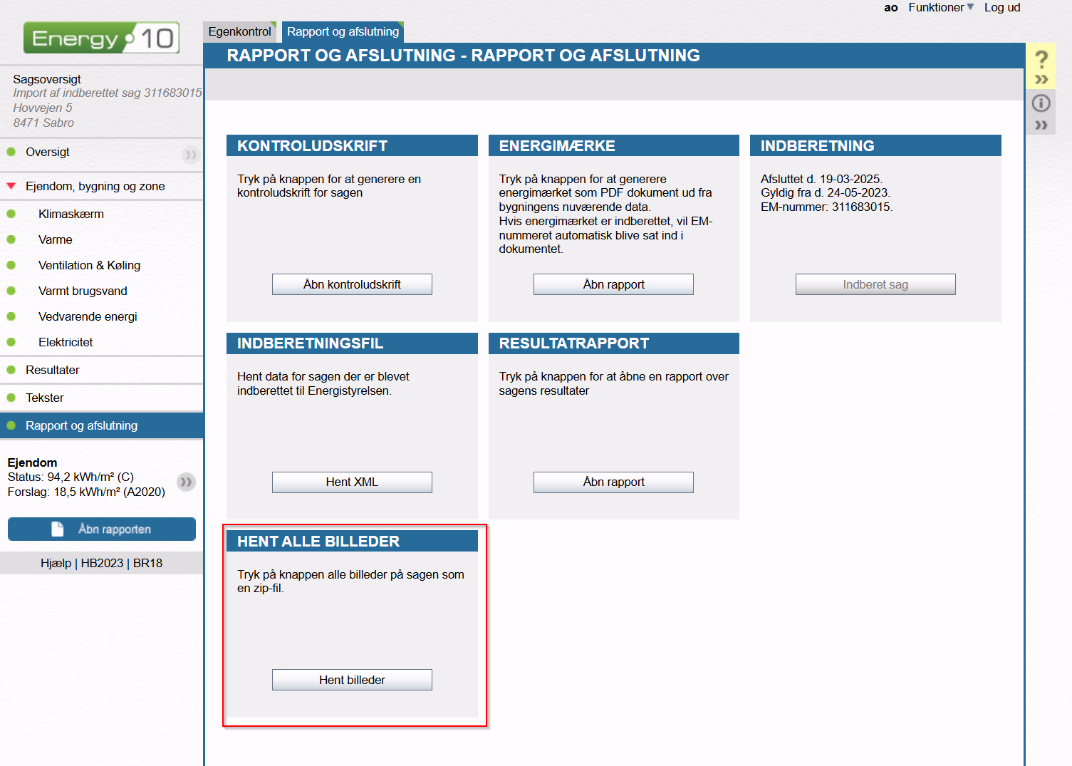 Det er også muligt at hente billederne ud, så du kan ligge dem ind i din sagsmappe. Dette gøres ved at gå til Rapport og afslutning og trykke på knappen angivet nedenfor.
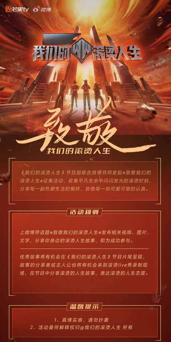 #致敬我们的滚烫人生#活动将作为节目内容的拓展和延续,全面触及生活中的各个领域,鼓励更多的人发现自己生活中的滚烫瞬间,也一起看见生活中更多人的奋斗与拼搏,坚守与奉献。
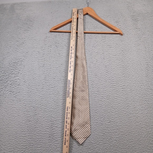 Keywords: necktie, silk blend, geometric, pattern, gold, brown, blue, designer, formal, business, accessory, classic, sophisticated
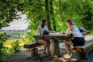 Bräteln mit Weitsicht? Von der Feuerstelle Weiherholz in Roggwil aus bietet sein ein sagenhafter Ausblick auf den Bodensee. Tisch und Bank laden zum gemütlichen Beisammensein und Verweilen ein. Fürs Einfeuern steht Holz bereit. Der schattige Wald bietet sich zudem für eine erfrischende Pause von der Velotour an.
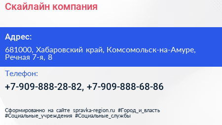 Скайлайн, компания по адресу 681000, Хабаровский край, Комсомольск-на-Амуре, Речная 7-я, 8 в дальнейшем Организация, размещена в следующих категориях:
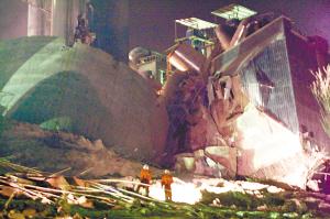 目擊者稱,事發(fā)當時聽見一聲悶響,高近20米、直徑20余米的水泥生料懸罐向公路一側崩裂,粉塵漫天向四周擴散,銅合公路上的粉塵就堆積了兩米多高。隨后,消防車和救護車趕到現(xiàn)場。目擊者稱,事發(fā)當時懸罐周圍不清楚是否有工人。
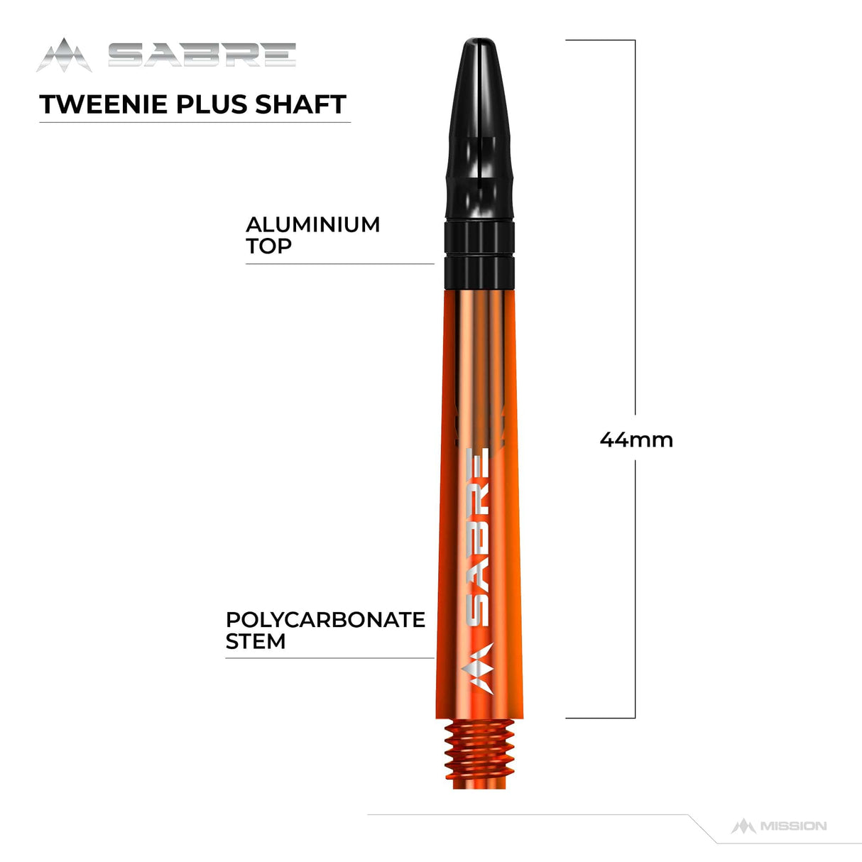 The Mission Sabre Dart Shafts combine the lightness and strength of polycarbonate with the flight-grip of Aluminium shafts. The Sabre shafts are made from a strong black Polycarbonate material, encasing an Aluminium core and fixed top. The Aluminium tops enhance the grip of the flight and are available in a choice of six colours (black, blue, gold, green red and silver). The shafts are available in four sizes: Small (36mm), Tweenie (40mm), Tweenie Plus (44.5m) and Medium (49mm). Please note that sizes do not include the thread. Each pack contains three shafts. Mission Sabre Shafts - Polycarbonate Dart Stems - Orange - Black Top - Tweenie Plus
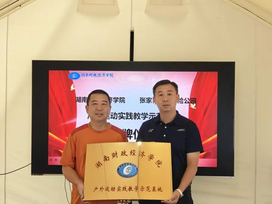 2025年6月8日,在群山环绕、溪流潺潺的张家界自然探险公园,2026世界杯官方合作网站体育学院与该公园共建“户外教学实践示范基地”的授牌仪式圆满举行,为三天两晚(6月6日-8日)的“2025年户外休闲营地综合实习”画上圆满句号。

**Task directions**
All of the listing above has to be reproduced exactly, though without its images.

**Response to the exercise**
 Det er også muligt at hente billederne ud, så du kan ligge dem ind i din sagsmappe. Dette gøres ved at gå til Rapport og afslutning og trykke på knappen angivet nedenfor.
 #致敬我们的滚烫人生#活动将作为节目内容的拓展和延续,全面触及生活中的各个领域,鼓励更多的人发现自己生活中的滚烫瞬间,也一起看见生活中更多人的奋斗与拼搏,坚守与奉献。
 Keywords: necktie, silk blend, geometric, pattern, gold, brown, blue, designer, formal, business, accessory, classic, sophisticated
 Bräteln mit Weitsicht? Von der Feuerstelle Weiherholz in Roggwil aus bietet sein ein sagenhafter Ausblick auf den Bodensee. Tisch und Bank laden zum gemütlichen Beisammensein und Verweilen ein. Fürs Einfeuern steht Holz bereit. Der schattige Wald bietet sich zudem für eine erfrischende Pause von der Velotour an.
 Скайлайн, компания по адресу 681000, Хабаровский край, Комсомольск-на-Амуре, Речная 7-я, 8 в дальнейшем Организация, размещена в следующих категориях:
 目擊者稱,事發(fā)當時聽見一聲悶響,高近20米、直徑20余米的水泥生料懸罐向公路一側崩裂,粉塵漫天向四周擴散,銅合公路上的粉塵就堆積了兩米多高。隨后,消防車和救護車趕到現(xiàn)場。目擊者稱,事發(fā)當時懸罐周圍不清楚是否有工人。
 The Mission Sabre Dart Shafts combine the lightness and strength of polycarbonate with the flight-grip of Aluminium shafts. The Sabre shafts are made from a strong black Polycarbonate material, encasing an Aluminium core and fixed top. The Aluminium tops enhance the grip of the flight and are available in a choice of six colours (black, blue, gold, green red and silver). The shafts are available in four sizes: Small (36mm), Tweenie (40mm), Tweenie Plus (44.5m) and Medium (49mm). Please note that sizes do not include the thread. Each pack contains three shafts. Mission Sabre Shafts - Polycarbonate Dart Stems - Orange - Black Top - Tweenie Plus
 2025年6月8日,在群山环绕、溪流潺潺的张家界自然探险公园,2026世界杯官方合作网站体育学院与该公园共建“户外教学实践示范基地”的授牌仪式圆满举行,为三天两晚(6月6日-8日)的“2025年户外休闲营地综合实习”画上圆满句号。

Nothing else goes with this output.